## PROMPT
This exercise calls for retyping every line below exactly, with the images omitted.

## AVAILABLE DATA
-- Opening Marker --
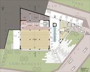 3 courtyards were designed. First, its the top north of the site. Here, the main worship place and the entrance to the ruined floor are provided. There are fountains and seating areas. The semi-open courtyard, which was designed as the last community place, could also be used as a place of worship on busy days. The second is the lower court where the minaret, the decorative pool and the ablutions are located. Direct entrance to the lower floor is provided here. The third is the courtyard where the Quran course is opened.
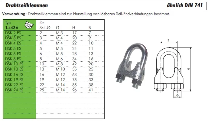 Verwendung: Drahtseilklemmen sind zur Herstellung von lösbaren Seil-Endverbindungen bestimmt.
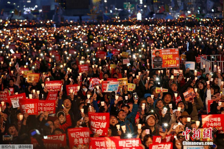 當?shù)貢r間2017年3月11日,韓國首爾,民眾慶祝樸槿惠被彈劾下臺,并要求拘捕樸槿惠。韓國憲法法院10日通過前總統(tǒng)樸槿惠彈劾案后,樸槿惠正式下臺,但她目前仍留在青瓦臺官邸內(nèi),未有公開露面或發(fā)表聲明。知情人士透露,樸槿惠得悉法院裁決后,精神大受打擊,需要時間平復心情,分析認為她至今仍未就裁決表態(tài),是“沉默抗議”裁決。
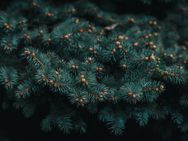 Wallpaper Four big bumps on a green spruce branch
-- Closing Marker --
## WRITTEN RESPONSE
 3 courtyards were designed. First, its the top north of the site. Here, the main worship place and the entrance to the ruined floor are provided. There are fountains and seating areas. The semi-open courtyard, which was designed as the last community place, could also be used as a place of worship on busy days. The second is the lower court where the minaret, the decorative pool and the ablutions are located. Direct entrance to the lower floor is provided here. The third is the courtyard where the Quran course is opened.
 Verwendung: Drahtseilklemmen sind zur Herstellung von lösbaren Seil-Endverbindungen bestimmt.
 當?shù)貢r間2017年3月11日,韓國首爾,民眾慶祝樸槿惠被彈劾下臺,并要求拘捕樸槿惠。韓國憲法法院10日通過前總統(tǒng)樸槿惠彈劾案后,樸槿惠正式下臺,但她目前仍留在青瓦臺官邸內(nèi),未有公開露面或發(fā)表聲明。知情人士透露,樸槿惠得悉法院裁決后,精神大受打擊,需要時間平復心情,分析認為她至今仍未就裁決表態(tài),是“沉默抗議”裁決。
 Wallpaper Four big bumps on a green spruce branch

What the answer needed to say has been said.